Segment Start: Given information
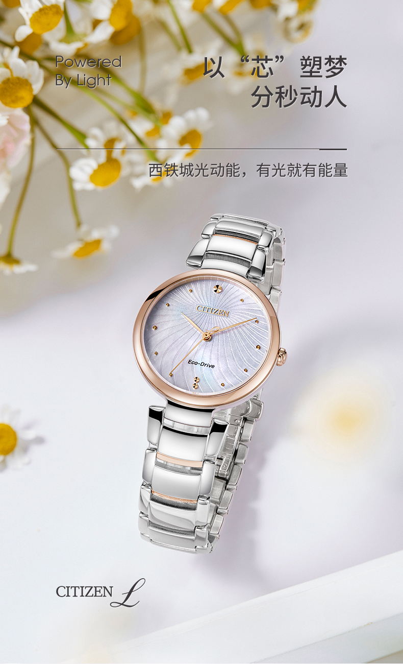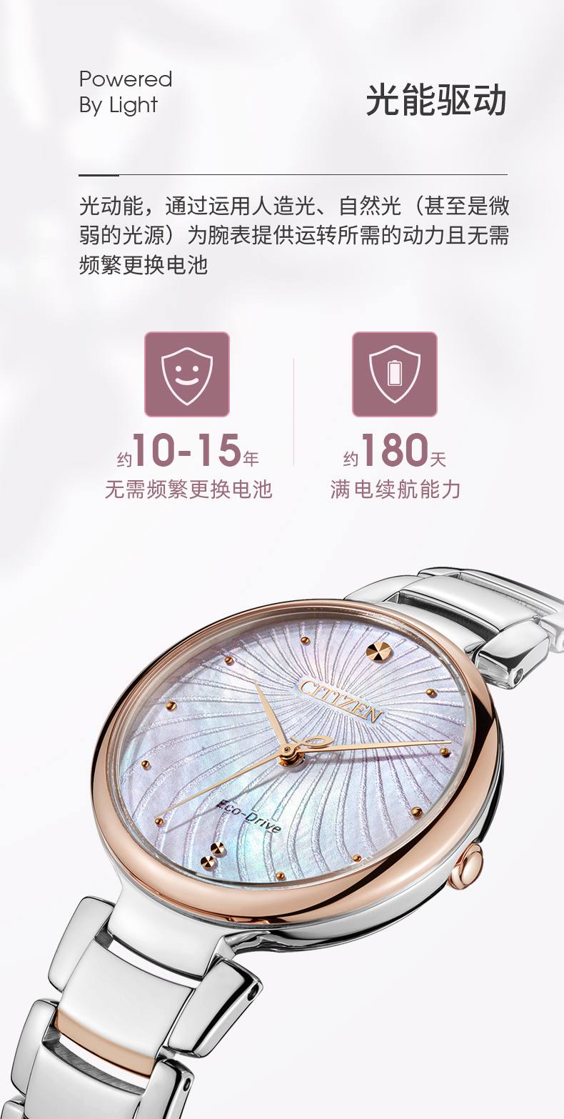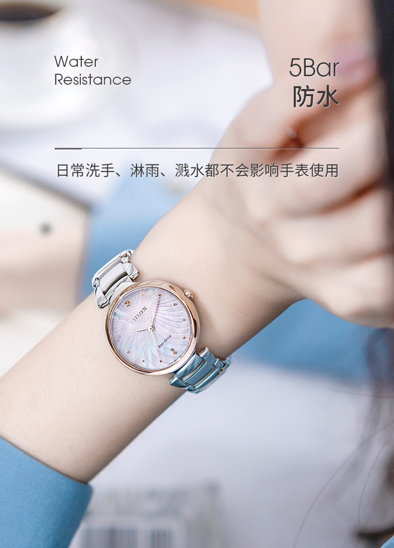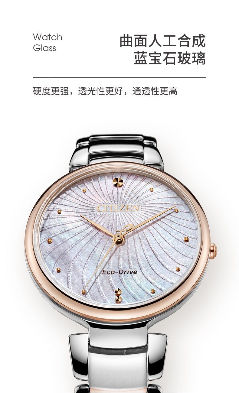 西铁城日本官方正品时尚贝母盘玫瑰金色钢带光动能女表EM0854-89Y
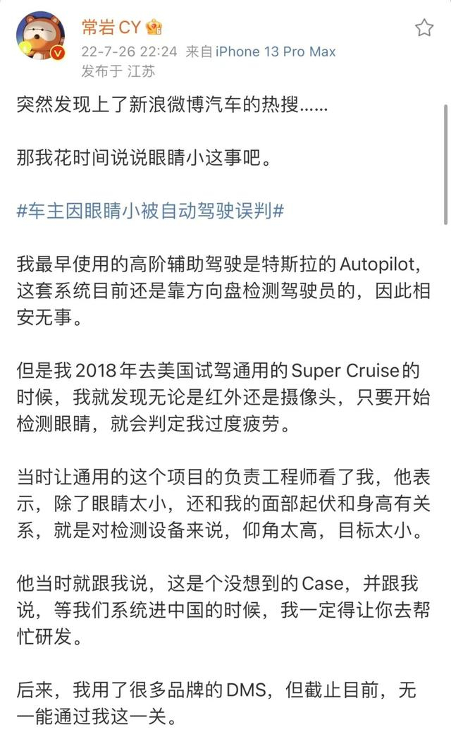 值得注意的是,智能汽车误判小眼睛人士为闭眼的情况不在少数,此前另一位汽车博主也表达过自己的类似困扰。该博主发帖称,他因为眼睛小触发过很多汽车品牌辅助驾驶系统的实时警告。通用汽车的Super Cruise会判定他过度疲劳;岚图FREE会在冬天为了让他别困打开冷风;蔚来ET7认定他开车疲劳和走神……
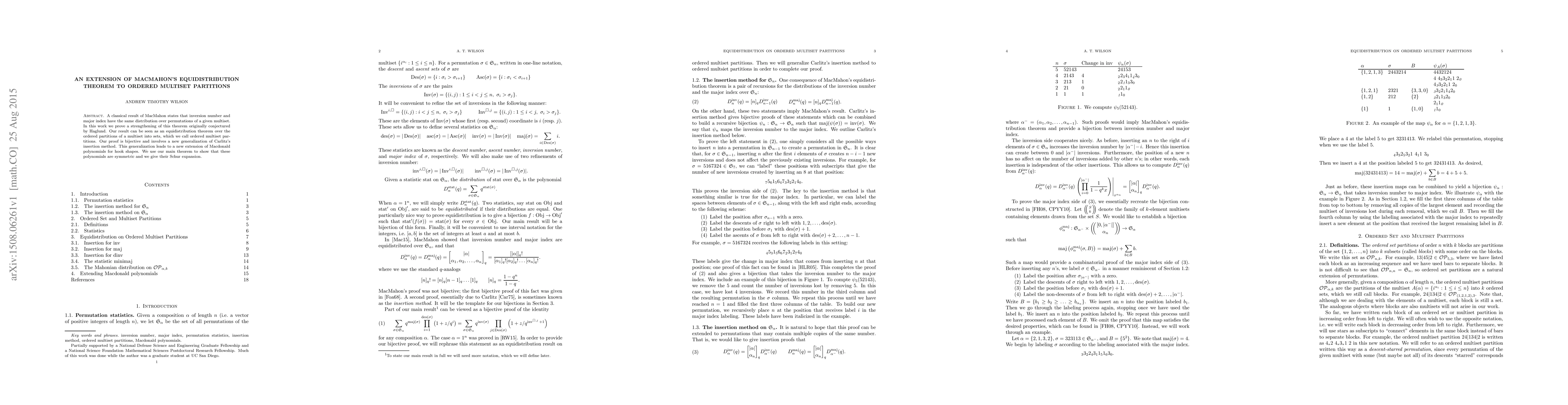A classical result of MacMahon states that inversion number and major index have the same distribution over permutations of a given multiset. In this work we prove a strengthening of this theorem originally conjectured by Haglund. Our result can be seen as an equidistribution theorem over the ordered partitions of a multiset into sets, which we call ordered multiset partitions. Our proof is bijective and involves a new generalization of Carlitz's insertion method. This generalization leads to a new extension of Macdonald polynomials for hook shapes. We use our main theorem to show that these polynomials are symmetric and we give their Schur expansion.
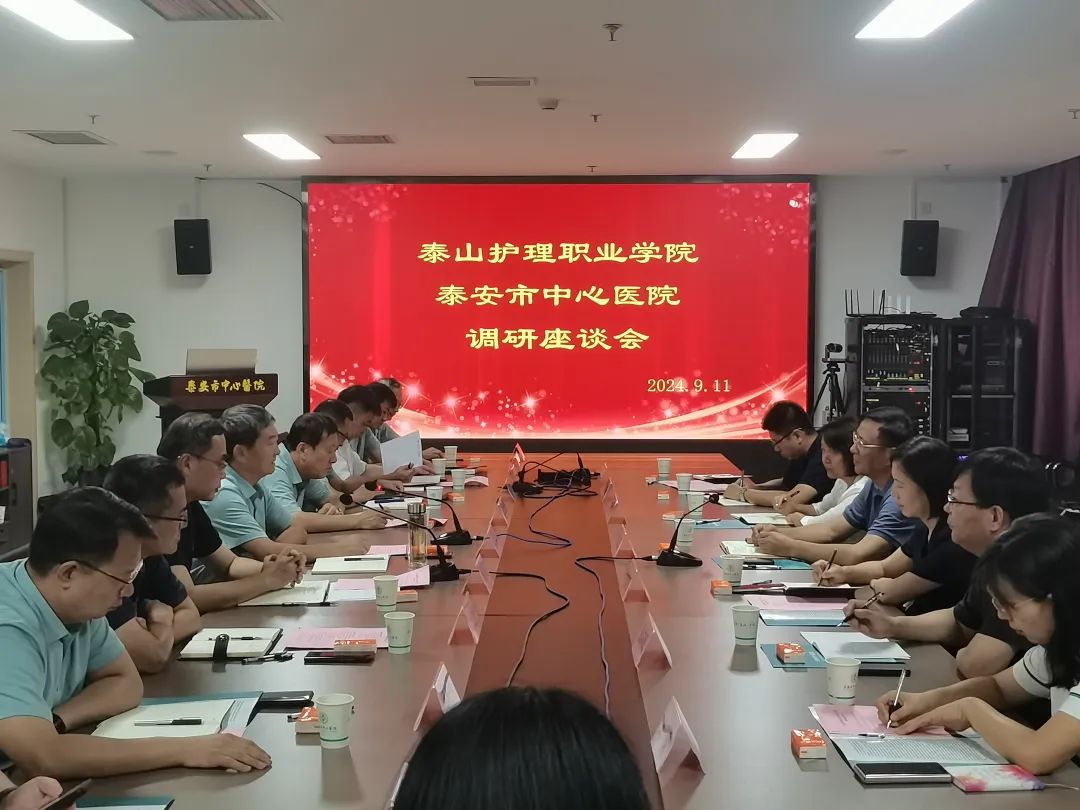 9月11日上午,学院党委书记黄正玉,党委副书记、院长荆丽艳,副院长李红伟及相关部门负责人前往泰安市中心医院走访调研。泰安市中心医院党委书记,泰安市医疗发展集团党委书记、理事长倪庆宾,党委副书记朱世卿等领导班子成员出席活动。
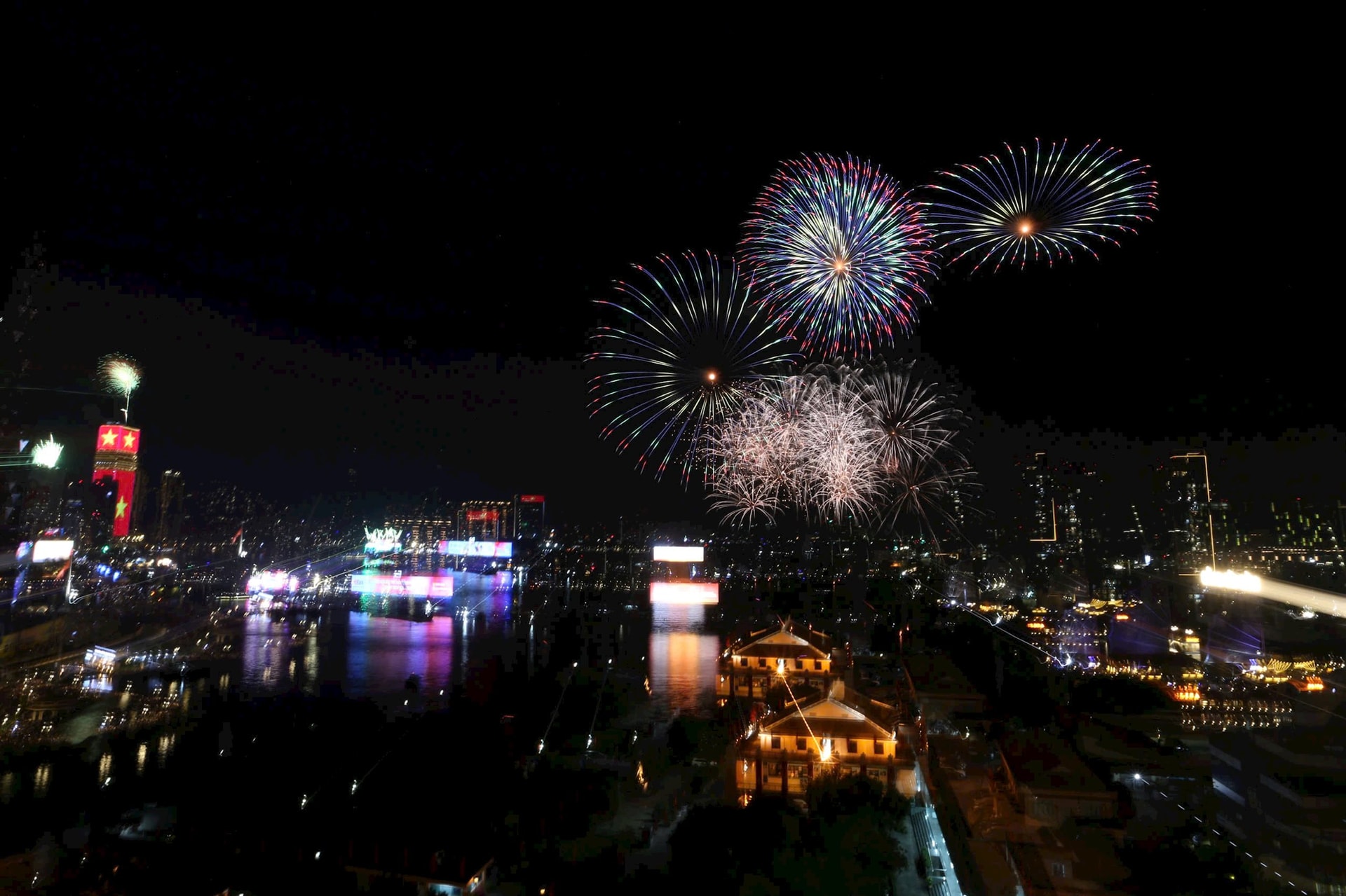 Pháo hoa rực sáng bầu trời mừng năm mới.
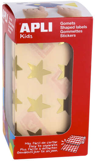 - Gomets en forma de estrella de tamaño 19,5 mm en color oro metalizado con adhesivo permanente.
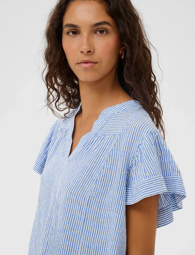 Volantärmel und ein dezenter V-Ausschnitt verleihen dieser gestreiften Bluse eine luftige, feminine Note. Das leichte Material macht sie ideal für warmes Wetter, während die lockere Passform für ganztägigen Komfort sorgt.
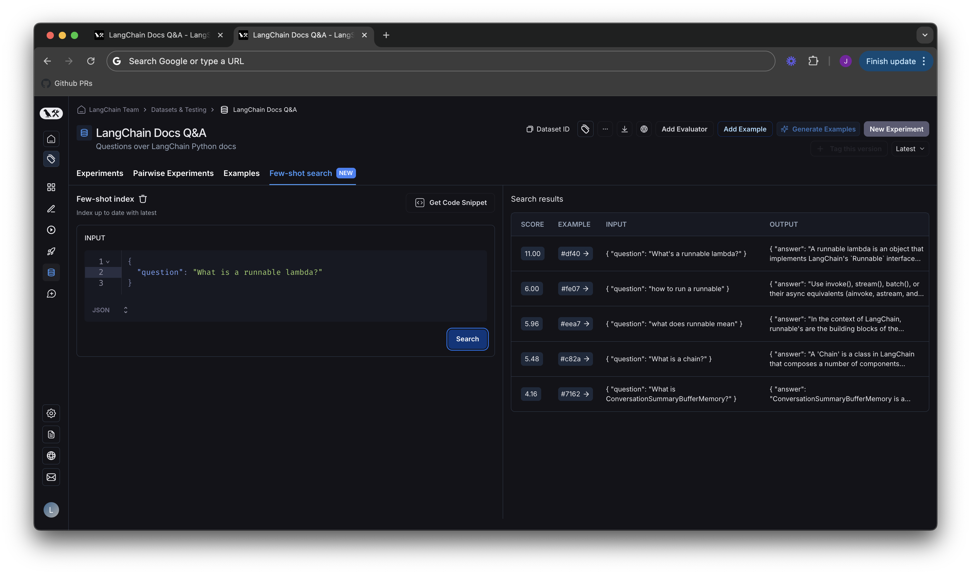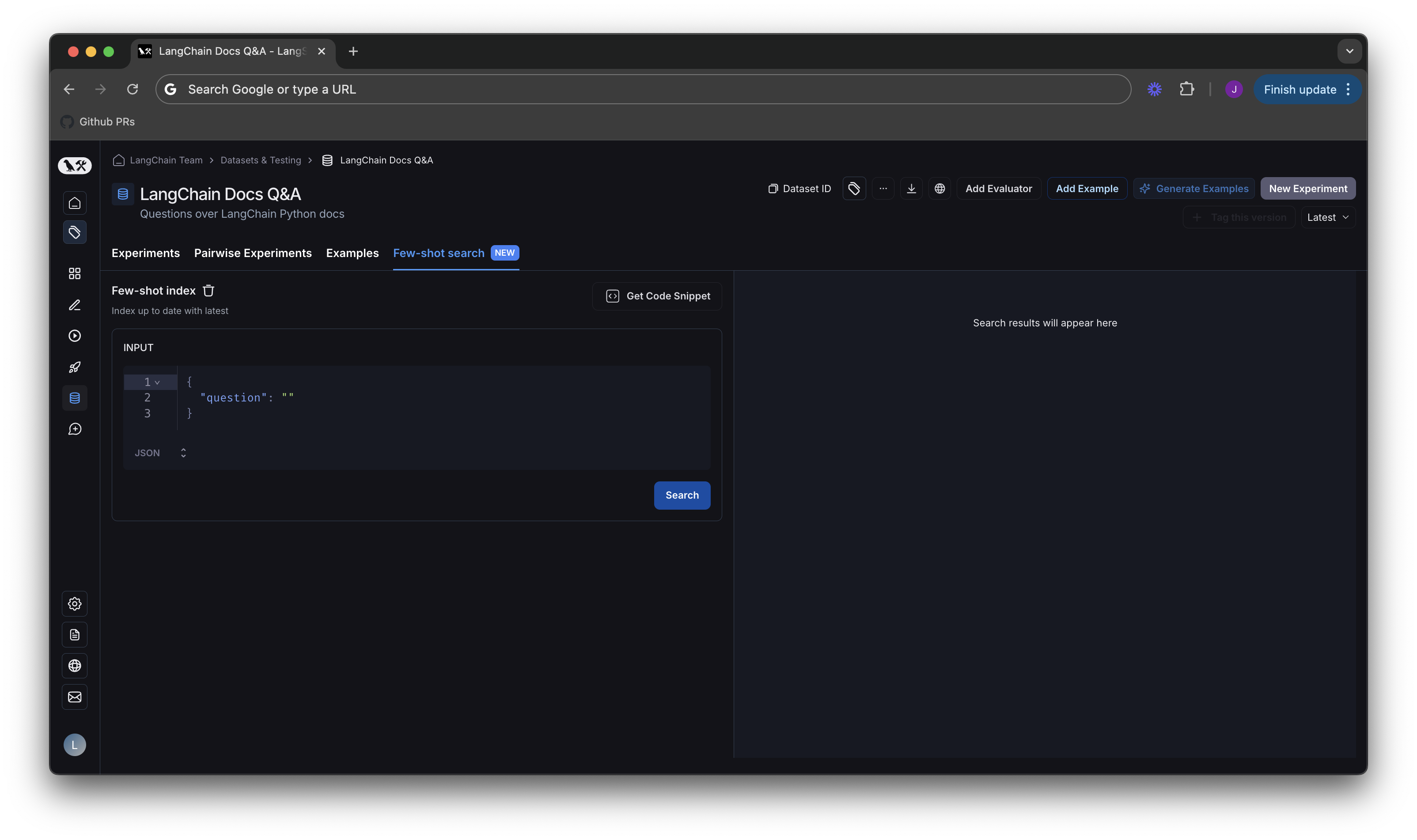 Click the Get Code Snippet button in the previous diagram, you’ll be taken to a screen that has code snippets from our LangSmith SDK in different languages. For code samples on using few shot search in LangChain python applications, please see our how-to guide in the LangChain docs.
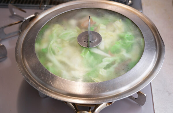 キャベツの水分が出たら除き、赤から鍋スティックを入れて全体になじませる。
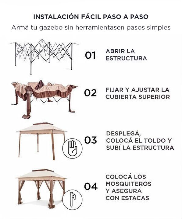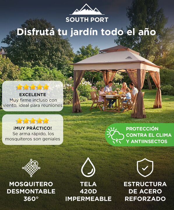 ESPACIO FUNCIONAL PARA EXTERIOR El gazebo Gadnic 3x3 está diseñado para crear un área protegida en jardín, patio o terraza. Su estructura de acero plegable brinda soporte firme durante el uso. Permite organizar reuniones familiares o encuentros sociales al aire libre. El formato amplio genera sombra...
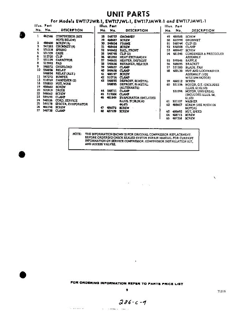 Parts for EWT17JWR1
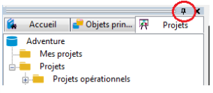 Une épingle située dans la barre de titre permet de passer en mode « Masquer automatiquement ». Cette fonctionnalité vous permet d’augmenter l'espace alloué à l'affichage et à la modification en masquant automatiquement les fenêtres de navigation et d’édition.
Segment End: Given information
Task:
Omit the pictures and set down the records exactly.

Response:
 西铁城日本官方正品时尚贝母盘玫瑰金色钢带光动能女表EM0854-89Y
 值得注意的是,智能汽车误判小眼睛人士为闭眼的情况不在少数,此前另一位汽车博主也表达过自己的类似困扰。该博主发帖称,他因为眼睛小触发过很多汽车品牌辅助驾驶系统的实时警告。通用汽车的Super Cruise会判定他过度疲劳;岚图FREE会在冬天为了让他别困打开冷风;蔚来ET7认定他开车疲劳和走神……
A classical result of MacMahon states that inversion number and major index have the same distribution over permutations of a given multiset. In this work we prove a strengthening of this theorem originally conjectured by Haglund. Our result can be seen as an equidistribution theorem over the ordered partitions of a multiset into sets, which we call ordered multiset partitions. Our proof is bijective and involves a new generalization of Carlitz's insertion method. This generalization leads to a new extension of Macdonald polynomials for hook shapes. We use our main theorem to show that these polynomials are symmetric and we give their Schur expansion.
 9月11日上午,学院党委书记黄正玉,党委副书记、院长荆丽艳,副院长李红伟及相关部门负责人前往泰安市中心医院走访调研。泰安市中心医院党委书记,泰安市医疗发展集团党委书记、理事长倪庆宾,党委副书记朱世卿等领导班子成员出席活动。
 Pháo hoa rực sáng bầu trời mừng năm mới.
 - Gomets en forma de estrella de tamaño 19,5 mm en color oro metalizado con adhesivo permanente.
 Volantärmel und ein dezenter V-Ausschnitt verleihen dieser gestreiften Bluse eine luftige, feminine Note. Das leichte Material macht sie ideal für warmes Wetter, während die lockere Passform für ganztägigen Komfort sorgt.
 Click the Get Code Snippet button in the previous diagram, you’ll be taken to a screen that has code snippets from our LangSmith SDK in different languages. For code samples on using few shot search in LangChain python applications, please see our how-to guide in the LangChain docs.
 キャベツの水分が出たら除き、赤から鍋スティックを入れて全体になじませる。
 ESPACIO FUNCIONAL PARA EXTERIOR El gazebo Gadnic 3x3 está diseñado para crear un área protegida en jardín, patio o terraza. Su estructura de acero plegable brinda soporte firme durante el uso. Permite organizar reuniones familiares o encuentros sociales al aire libre. El formato amplio genera sombra...
 Parts for EWT17JWR1
 Une épingle située dans la barre de titre permet de passer en mode « Masquer automatiquement ». Cette fonctionnalité vous permet d’augmenter l'espace alloué à l'affichage et à la modification en masquant automatiquement les fenêtres de navigation et d’édition.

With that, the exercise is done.